Leaving the pictures aside, restate all of the data exactly.

Records excerpted from a collection:

++++++++

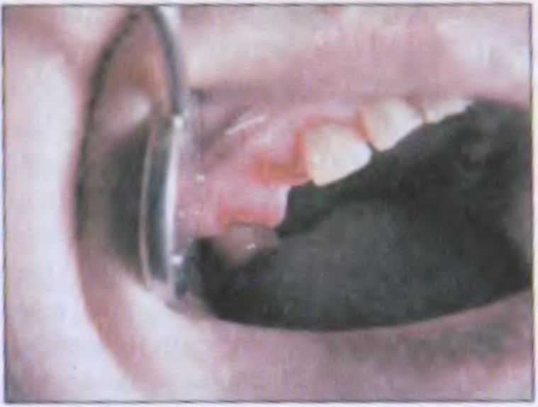 Рис. 129. Кровоточащие язвы слизистой оболочки полости рта. обнаруженные сразу после снятия мостовилного протеза
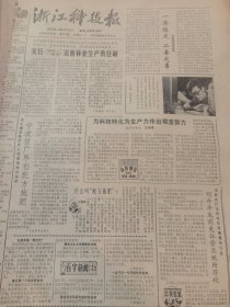 《浙江科技报》【仙居发现“佛肚竹”;畲乡第一个稻田养鱼村(景宁县张春畲族乡);温岭县沙山乡照片;(安吉县)三官乡第一林场林粮套种每亩净收一百三;定海县紫徽乡天童村蔬菜专业户黄均祥照片】
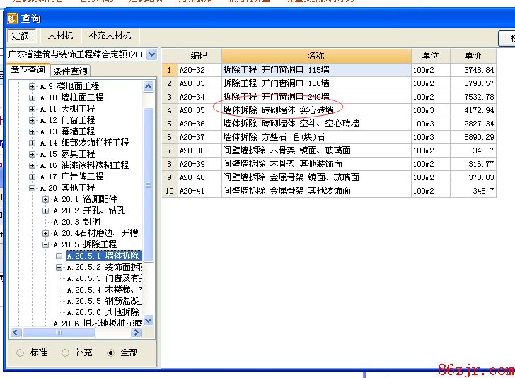 套当地修缮定额的砖墙拆除子目
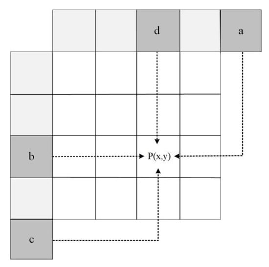 When the PU size is small, single three-parameter linear prediction can achieve good results. However, when the PU size is large, prediction accuracy declines with the weakening in correlation. Hence, we combined the three-parameter mode with planar mode to obtain the final prediction value. Planar mode obtains the prediction value by weighting the pixels in the horizontal and vertical directions, where the weights are related to the distance. The prediction process of the planar mode is shown in Figure 4.
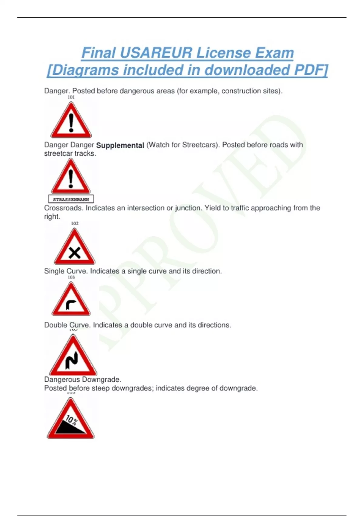 Final USAREUR License Exam [Diagrams included in downloaded PDF] Danger. Posted before dangerous areas (for example, construction sites). Danger Danger Supplemental (Watch for Streetcars). Posted before roads with streetcar tracks. Crossroads. Indicates an intersection or junction. Yield to traffic approaching from the right. Single Curve. Indicates a single curve and its direction. Double Curve. Indicates a double curve and its directions. Dangerous Downgrade. Posted before steep downgrades; indicates degree of downgrade. Dangerous Upgrade. Posted before steep upgrades; indicates degree of upgrade. Rough Road. Indicates uneven stretches of road. Beware of Ice. Indicates that areas ahead freeze easily (for example, bridges, shaded or wooded areas). Slippery Road. Indicates stretches of road that may be slippery when wet or dirty. Falling Rocks. Indicates stretches of road where there is danger of falling rocks. Loose Gravel. Indicates a stretch of road that has loose surface material. Reduce speed and increase distance from the vehicle in front. Traffic Jam Ahead. Indicates that a traffic jam (Stau) may be ahead. Oncoming Traffic. Posted where oncoming traffic normally is not expected (for example, autobahns, and construction site

++++++++

* Answer space *
 Рис. 129. Кровоточащие язвы слизистой оболочки полости рта. обнаруженные сразу после снятия мостовилного протеза
 《浙江科技报》【仙居发现“佛肚竹”;畲乡第一个稻田养鱼村(景宁县张春畲族乡);温岭县沙山乡照片;(安吉县)三官乡第一林场林粮套种每亩净收一百三;定海县紫徽乡天童村蔬菜专业户黄均祥照片】
 套当地修缮定额的砖墙拆除子目
 When the PU size is small, single three-parameter linear prediction can achieve good results. However, when the PU size is large, prediction accuracy declines with the weakening in correlation. Hence, we combined the three-parameter mode with planar mode to obtain the final prediction value. Planar mode obtains the prediction value by weighting the pixels in the horizontal and vertical directions, where the weights are related to the distance. The prediction process of the planar mode is shown in Figure 4.
 Final USAREUR License Exam [Diagrams included in downloaded PDF] Danger. Posted before dangerous areas (for example, construction sites). Danger Danger Supplemental (Watch for Streetcars). Posted before roads with streetcar tracks. Crossroads. Indicates an intersection or junction. Yield to traffic approaching from the right. Single Curve. Indicates a single curve and its direction. Double Curve. Indicates a double curve and its directions. Dangerous Downgrade. Posted before steep downgrades; indicates degree of downgrade. Dangerous Upgrade. Posted before steep upgrades; indicates degree of upgrade. Rough Road. Indicates uneven stretches of road. Beware of Ice. Indicates that areas ahead freeze easily (for example, bridges, shaded or wooded areas). Slippery Road. Indicates stretches of road that may be slippery when wet or dirty. Falling Rocks. Indicates stretches of road where there is danger of falling rocks. Loose Gravel. Indicates a stretch of road that has loose surface material. Reduce speed and increase distance from the vehicle in front. Traffic Jam Ahead. Indicates that a traffic jam (Stau) may be ahead. Oncoming Traffic. Posted where oncoming traffic normally is not expected (for example, autobahns, and construction site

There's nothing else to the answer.